## REQUIRED ACTION
Could you find each line of the data below that contains the word "julio" and copy those lines?

BEGIN PROVIDED INFORMATION

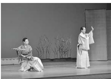
ひょうご名流舞踊の会
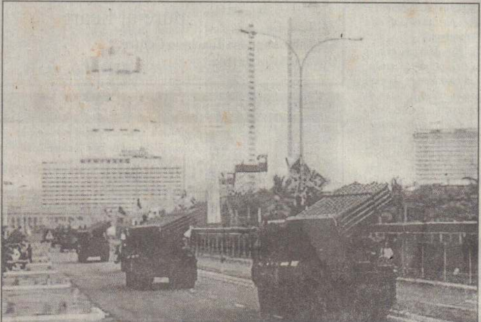
தேசிய வெற்றித் தின நிகழ்வுகளுக்கான ஒத்திசைவு நேற்று காலி முகத்திடலில் இடம்பெற்றபோது பல்குழல் ஏவுகணைகளுடன் அணிவகுத்துச் செல்லும் படையினர்.

மீண்டும் பயங்கரவாதம் ஏற்படாதிருக்க வேண்டும் என்றால் தமிழ்த் தேசியக் கூட்டமைப்பு எழுந்து இந்தக் கோரிக்கையை ஏற்றுச் செயற்பட வேண்டும்.
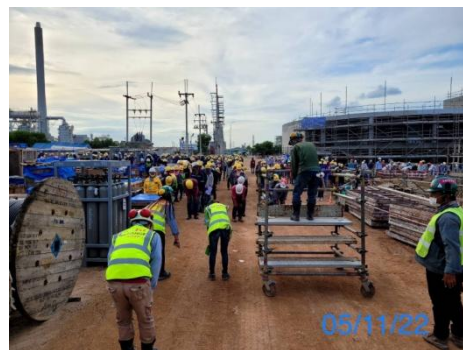
รูปที่ 3-40 Tool Box Talk Meeting
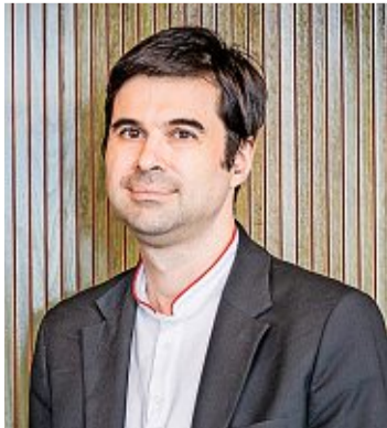
Samuel Bendahan, conseiller national (PS/VD), coprésident du groupe socialiste.

Samuel Bendahan «Si nous voulons que l'Europe respecte nos choix, nos droits, nous devons respecter les siens, estime le conseiller national socialiste vaudois. Il ne s'agit pas d'une violation de notre souveraineté.» L'êtu souligne que via ces accords, avantageux économiquement, il ne s'agit pas seulement de défendre l'industrie d'exportation suisse. Il s'agit surtout «de se battre contre la solitude: l'isolement international a un coût colossal. Avoir des partenaires fiables et démocratiques est notre seul salut.»
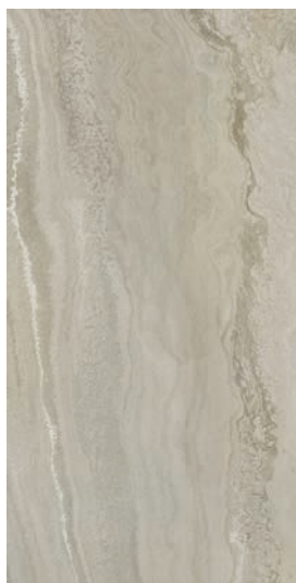
30 x 60 cm (12 x 24) Fini mat OV.SH.GRY.1224.MT
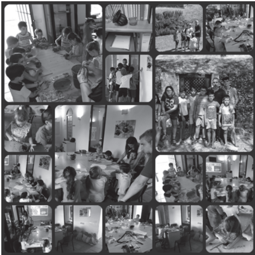
Talleres infantiles de verano, julio de 2017.

Talleres creativos, juegos, senderismo, manualidades, etc. que se desarrollaron durante el mes de julio y fundamentalmente entre colegiales de la localidad.
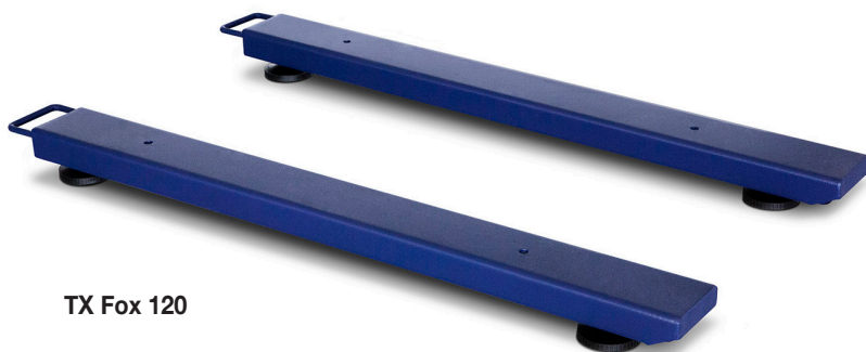
TX Fox 120

Calibrazione di serie. Il dispositivo è fornito debitamente calibrato e regolato dal nostro laboratorio di calibrazione situato a Barcellona.
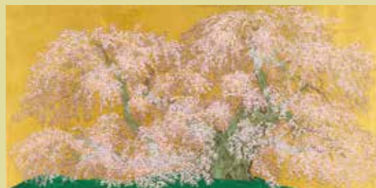
中島千波「晴耀三春乃瀧櫻」
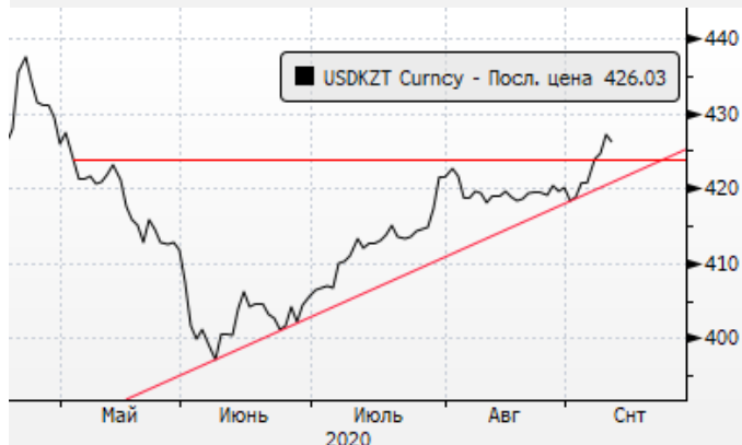
USDKZT: отскок вверх от 376
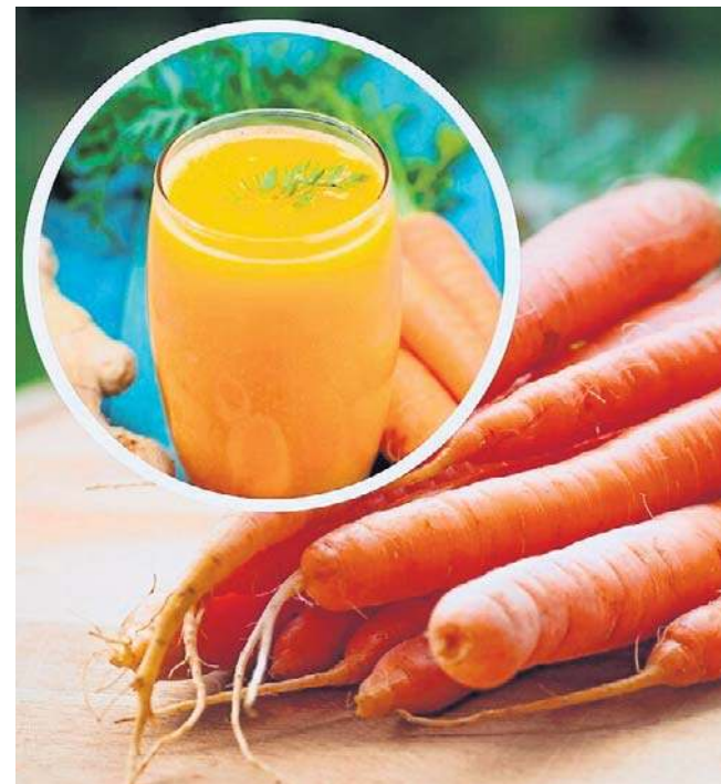
Wypróbuj łatwy przepis na syrop z marchewki według sprawdzonej receptury naszych babć. Naprawdę pomaga!

Nie tylko temperatura wewnątrz wpływa na nasze zdrowie. Ważne jest także utrzymywanie odpowiedniej temperatury w domu zimą, aby nie narażać organizmu na zbyt duże jej wahania, ale też nie wychładzać pomieszczeń za bardzo. Zbyt wysoka temperatura w domu naraża organizm na przegrzanie, co sprzyja przeziębieniu i odmrożeniom po wyjściu na mróz. Natomiast stałe przebywanie w zbyt niskiej temperaturze może prowadzić do zbyt szybkiego wychłodzenia i skutkować podobnymi konsekwencjami, co przebywanie na mrozie. ©
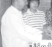
ရန်ကုန်မြို့ ဗဟန်းမြို့နယ် အမှတ် (၈) နတ်မောက်လမ်းရှိ မိုးကုတ် ပိသနာမှာ အဖွဲ့ချုပ်ကြီး၌ တစ်လ နှစ်ကြိမ် ကျင်းပလုပ်ဆောင်သော ၁၀ ရက် တရားစခန်းပွဲအဖြစ် နိုဝင်ဘာ ၃၀ ရက်နေ့မှ ၂၀ ရက်နေ့အထိ ကျင်းပမည်ဖြစ်သည်။

ရန်ကုန် နိုဝင်ဘာ ၆ ရန်ကုန်မြို့ ဗဟန်းမြို့နယ် အမှတ် (၈) နတ်မောက်လမ်းရှိ မိုးကုတ် ပိသနာမှာ အဖွဲ့ချုပ်ကြီး၌ တစ်လ နှစ်ကြိမ် ကျင်းပလုပ်ဆောင်သော ၁၀ ရက် တရားစခန်းပွဲအဖြစ် နိုဝင်ဘာ ၃၀ ရက်နေ့မှ ၂၀ ရက်နေ့အထိ ကျင်းပမည်ဖြစ်သည်။ ယင်းတရားစခန်းပွဲကြီးတွင် စစ်ကိုင်း ဆရာတော် ဘဒ္ဒန္တသုမနအရှင်သုမြတ် က ကျေးဇူးတော်ရှင် အဂ္ဂမဟာပဏ္ဍိတ မိုးကုတ်ဆရာတော်ကြီး၏ ဥပနိသယ အတိုင်း ဓမ္မဉာဏ်ရောက် ပဋိပညာမဟုတ် နှင့် သစ္စာလေးပါး တရားတော်များ ကျေးဇူးတော်ဖြင့် ဖြစ်သည်။ အသေး စိတ် သိလိုပါက ဖုန်း ၇၄၁၈၆၀ သို့ ဆက်သွယ် ဖုန်းနံပါတ်ကြောင်း သိရသည်။
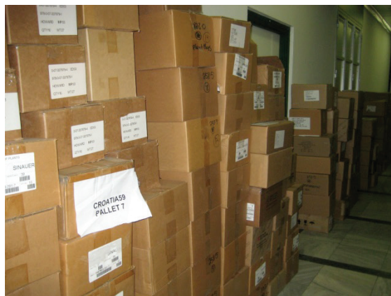
Slika 1 – Jedan dio knjiga Fondacije Sabre u kutijama na Fizičkom odsjeku PMF-a

Ovom 59., posljednjom donacijom knjiga 2013. pristigle su 8102 knjige. Dobivene knjige su eminentnih svjetskih izdavača, velik broj su izdanja novijih datuma i raznovrsnih znanstvenih područja.
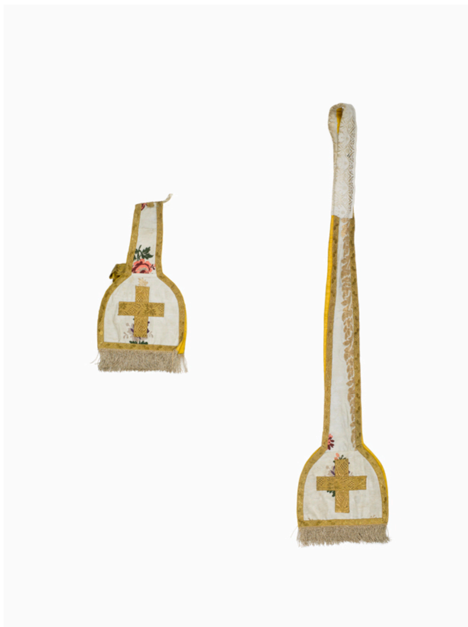
Vue de l'étole et du manipule
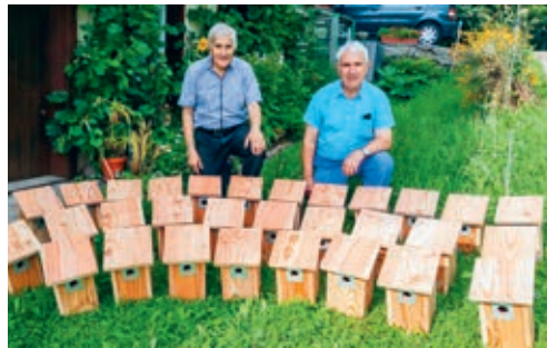
Insgesamt 30 alte und defekte Nistkästen wurden anlässlich der Reinigung gleich durch neue ersetzt.
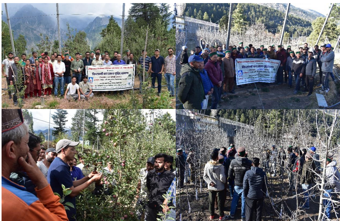
Figure 6. Exposure visits held at different demonstration sites of RHR&TS and KVK at Sharbo, district Kinnaur, Himachal Pradesh.

Total two exposure visits (1 st on 4 th July & 2 nd on 15 th December 2022) were organized to expose the Wadi farmers with the best practices of orchard development & management, post-harvest management & processing technology of apple fruits being done by the scientists at Regional Horticultural Research & Training Station (RHR&TS) and Krishi Vigyan Kendra (KVK) at Sharbo, District Kinnaur, Himachal Pradesh. Exposure visits were conducted to convince the farmers and provide them an opportunity of seeing and believing the results of new practices, demonstration of skill and to give them an idea regarding the suitability and application of these things in their own orchards. The farmers were also taken to the demonstration sites of the RHR&TS and KVK.
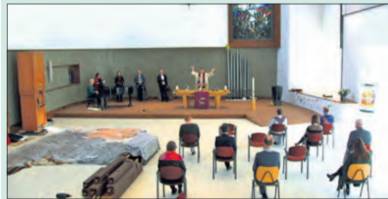
Dienst vanuit eigen huis.

Vanwege de coronamaatregelen zijn de diensten voorlopig alleen online te volgen. Tijdens de verbouwing werden de diensten opgenomen in de Katholieke Michaëlkerk aan de Kerklaan. (Rob Jastrzebski)

END PROVIDED INFORMATION

## RESPONSE BOX
Talleres infantiles de verano, julio de 2017.
Talleres creativos, juegos, senderismo, manualidades, etc. que se desarrollaron durante el mes de julio y fundamentalmente entre colegiales de la localidad.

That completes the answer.